Your charred, lifeless body will time and again debunk the old myth about lighting never striking the same place twice.


Fun and despair will be in the air this week when a nearby confetti factory explodes, killing sixty-three employees.

You’ve never been good at saying goodbye, which explains why your speech therapist keeps charging you for an extra half hour each week.

The stakes will be raised this Thursday, moments before being repeatedly plunged by frightened townspeople into your chest.

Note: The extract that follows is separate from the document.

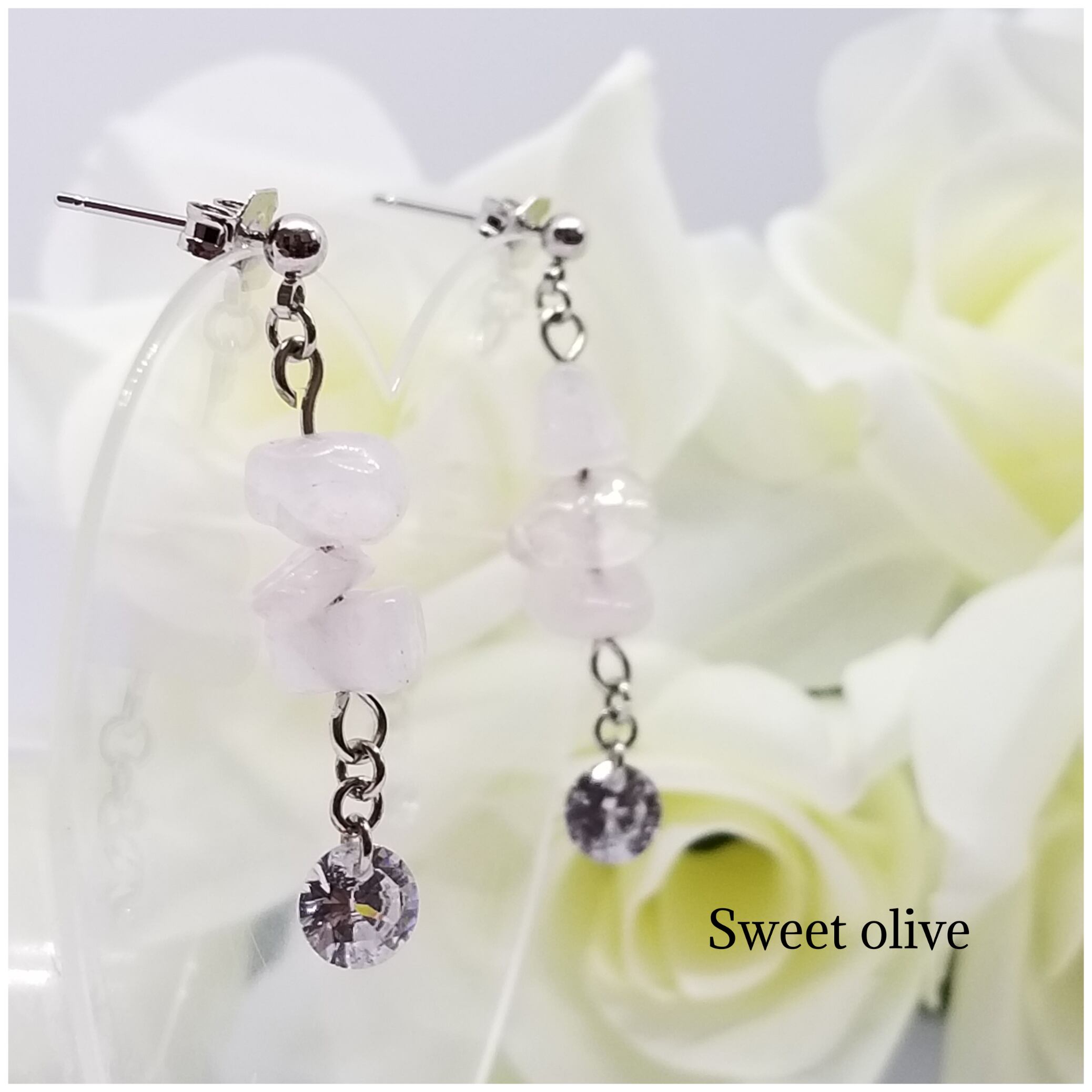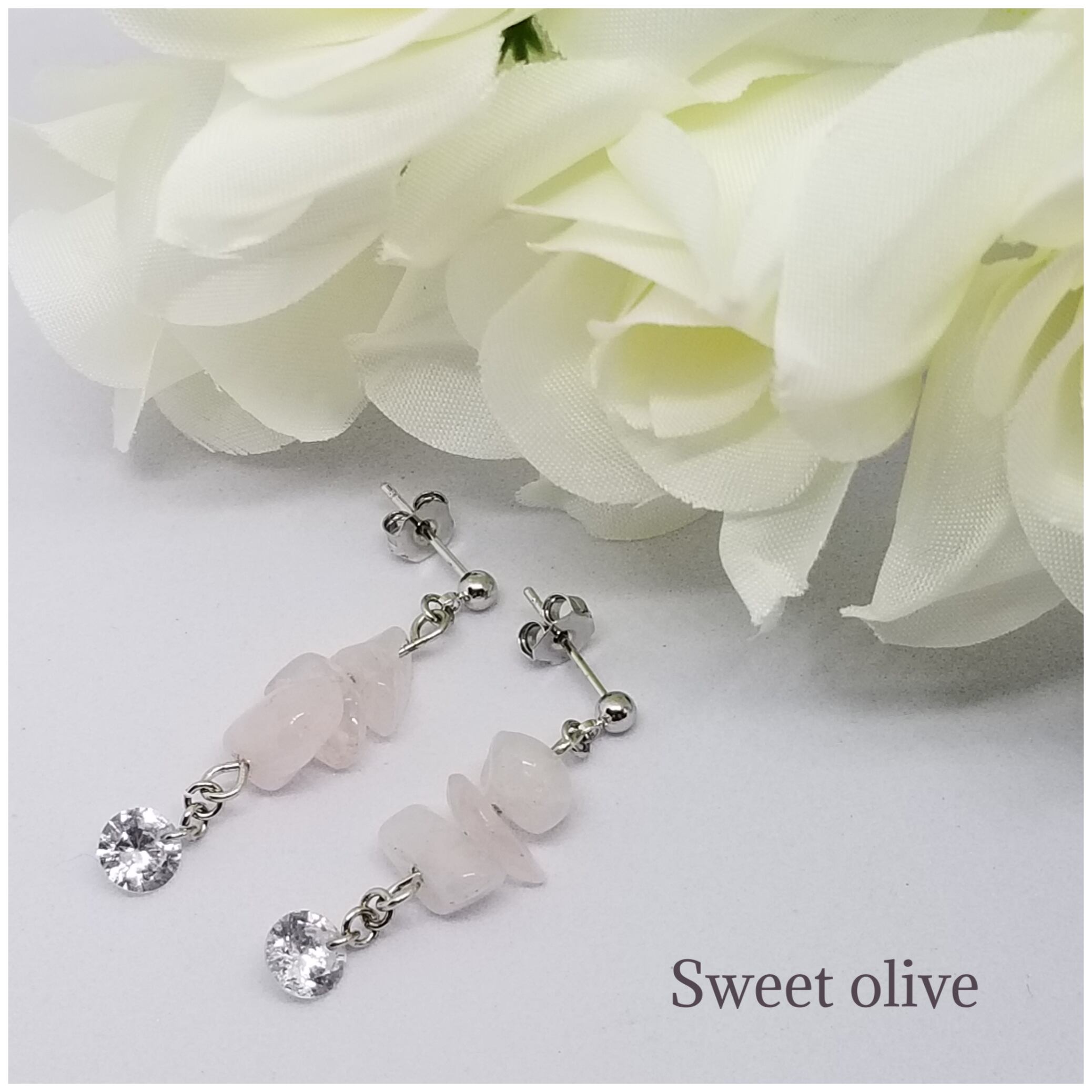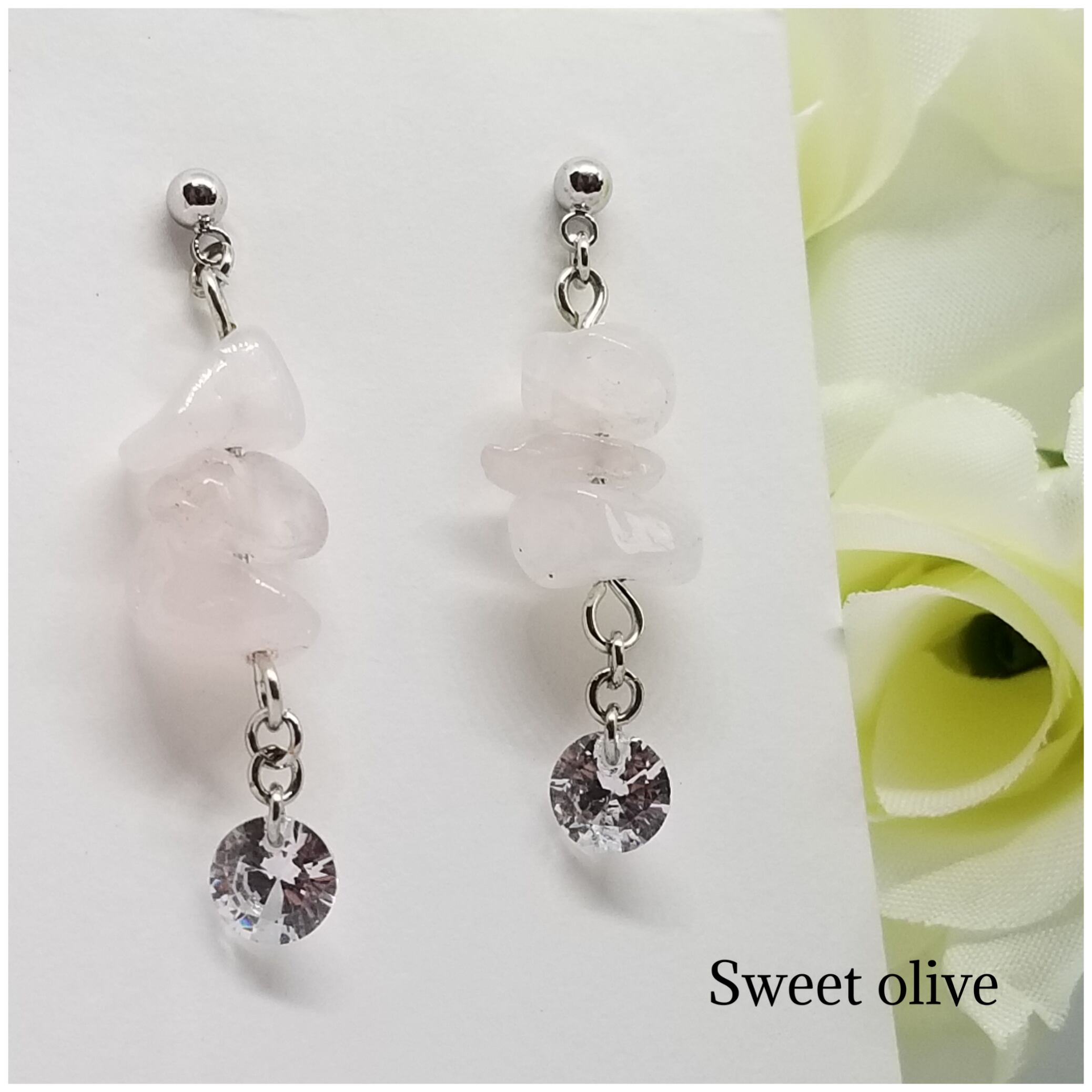 天然石のローズクォーツのさざれ石と高級ガラスのストーン一粒を合わせました。

You’ll soon stumble upon the secret to a happy marriage—a secret so simple you’ll take perverse pleasure in keeping it from your wife.

There’s a time and a place for everything, as you’ll soon discover after falling into the rhinoceros pit during mating season.

Your first instinct this week will be to run, while your second instinct this week will be to find your legs.

The sudden rise in mood swings, wild food cravings, and rapid head-to-toe hair-growth can only mean one thing: It’s that time of the lunar cycle again!

Your entire life will flash before your eyes this week, an insignificant blip made all the more trivial by the Benny Hill theme that will accompany it.

While you may have valor, resolve, and even vigor, what you don’t have is a basic understanding of what those words actually mean.

After days of grave and anxious discussion, the stars have decided that it’s better you don’t know.

Your mother claims that she never raised a liar for a son, but then what else do you expect from a lizard-human hybrid born out of a top-secret government project?